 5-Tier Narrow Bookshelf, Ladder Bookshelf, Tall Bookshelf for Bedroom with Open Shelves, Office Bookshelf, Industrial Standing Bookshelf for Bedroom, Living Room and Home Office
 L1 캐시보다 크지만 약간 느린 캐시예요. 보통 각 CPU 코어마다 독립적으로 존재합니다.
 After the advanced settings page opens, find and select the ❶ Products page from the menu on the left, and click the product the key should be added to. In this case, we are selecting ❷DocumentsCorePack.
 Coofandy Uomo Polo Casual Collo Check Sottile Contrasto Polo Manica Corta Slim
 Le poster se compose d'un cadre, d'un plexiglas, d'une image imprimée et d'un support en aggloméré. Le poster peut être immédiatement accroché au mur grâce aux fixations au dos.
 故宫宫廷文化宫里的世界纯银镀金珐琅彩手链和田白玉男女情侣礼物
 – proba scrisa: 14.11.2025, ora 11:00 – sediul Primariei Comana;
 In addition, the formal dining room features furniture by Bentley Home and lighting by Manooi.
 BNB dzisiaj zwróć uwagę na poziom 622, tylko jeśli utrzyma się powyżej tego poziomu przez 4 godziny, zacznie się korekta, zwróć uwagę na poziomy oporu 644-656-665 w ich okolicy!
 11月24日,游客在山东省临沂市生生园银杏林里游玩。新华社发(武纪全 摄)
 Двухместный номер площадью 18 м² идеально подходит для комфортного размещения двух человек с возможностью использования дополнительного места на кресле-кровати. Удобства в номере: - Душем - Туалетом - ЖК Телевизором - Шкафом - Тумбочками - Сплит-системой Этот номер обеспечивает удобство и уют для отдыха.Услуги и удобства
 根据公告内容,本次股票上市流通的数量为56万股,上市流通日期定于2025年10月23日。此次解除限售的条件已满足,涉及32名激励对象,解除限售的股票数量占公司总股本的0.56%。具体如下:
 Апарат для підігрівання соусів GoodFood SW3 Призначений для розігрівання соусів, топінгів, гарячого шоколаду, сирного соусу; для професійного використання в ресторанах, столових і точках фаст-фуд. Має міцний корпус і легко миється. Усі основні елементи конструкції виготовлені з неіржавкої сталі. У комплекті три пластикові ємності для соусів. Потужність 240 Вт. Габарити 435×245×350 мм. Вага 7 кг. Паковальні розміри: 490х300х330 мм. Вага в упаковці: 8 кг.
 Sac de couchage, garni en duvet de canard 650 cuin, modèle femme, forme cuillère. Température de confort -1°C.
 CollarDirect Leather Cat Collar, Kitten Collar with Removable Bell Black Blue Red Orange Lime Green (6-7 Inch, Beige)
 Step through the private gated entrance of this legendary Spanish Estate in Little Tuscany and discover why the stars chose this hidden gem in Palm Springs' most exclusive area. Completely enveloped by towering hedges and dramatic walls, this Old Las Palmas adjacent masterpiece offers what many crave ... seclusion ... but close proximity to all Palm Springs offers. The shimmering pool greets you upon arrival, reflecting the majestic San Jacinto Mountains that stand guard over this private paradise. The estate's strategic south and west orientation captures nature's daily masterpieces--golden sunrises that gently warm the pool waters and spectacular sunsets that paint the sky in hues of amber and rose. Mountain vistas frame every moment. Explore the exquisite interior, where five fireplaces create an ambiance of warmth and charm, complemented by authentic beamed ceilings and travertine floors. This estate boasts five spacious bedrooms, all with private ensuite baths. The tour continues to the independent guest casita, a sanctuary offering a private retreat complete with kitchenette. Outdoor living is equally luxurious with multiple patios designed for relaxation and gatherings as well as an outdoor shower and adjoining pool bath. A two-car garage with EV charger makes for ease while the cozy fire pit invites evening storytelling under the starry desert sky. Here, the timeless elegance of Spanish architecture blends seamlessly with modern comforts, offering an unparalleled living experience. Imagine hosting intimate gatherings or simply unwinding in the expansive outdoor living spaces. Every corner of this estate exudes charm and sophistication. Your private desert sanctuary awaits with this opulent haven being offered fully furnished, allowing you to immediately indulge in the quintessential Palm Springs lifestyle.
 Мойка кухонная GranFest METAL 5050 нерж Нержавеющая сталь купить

**Exercise directions:** Everything in the material above from the line that has "BNB dzisiaj zwróć" through the line that has "Sac de couchage, garni" must be duplicated exactly, with no other lines given.

**Answer box:**
 BNB dzisiaj zwróć uwagę na poziom 622, tylko jeśli utrzyma się powyżej tego poziomu przez 4 godziny, zacznie się korekta, zwróć uwagę na poziomy oporu 644-656-665 w ich okolicy!
 11月24日,游客在山东省临沂市生生园银杏林里游玩。新华社发(武纪全 摄)
 Двухместный номер площадью 18 м² идеально подходит для комфортного размещения двух человек с возможностью использования дополнительного места на кресле-кровати. Удобства в номере: - Душем - Туалетом - ЖК Телевизором - Шкафом - Тумбочками - Сплит-системой Этот номер обеспечивает удобство и уют для отдыха.Услуги и удобства
 根据公告内容,本次股票上市流通的数量为56万股,上市流通日期定于2025年10月23日。此次解除限售的条件已满足,涉及32名激励对象,解除限售的股票数量占公司总股本的0.56%。具体如下:
 Апарат для підігрівання соусів GoodFood SW3 Призначений для розігрівання соусів, топінгів, гарячого шоколаду, сирного соусу; для професійного використання в ресторанах, столових і точках фаст-фуд. Має міцний корпус і легко миється. Усі основні елементи конструкції виготовлені з неіржавкої сталі. У комплекті три пластикові ємності для соусів. Потужність 240 Вт. Габарити 435×245×350 мм. Вага 7 кг. Паковальні розміри: 490х300х330 мм. Вага в упаковці: 8 кг.
 Sac de couchage, garni en duvet de canard 650 cuin, modèle femme, forme cuillère. Température de confort -1°C.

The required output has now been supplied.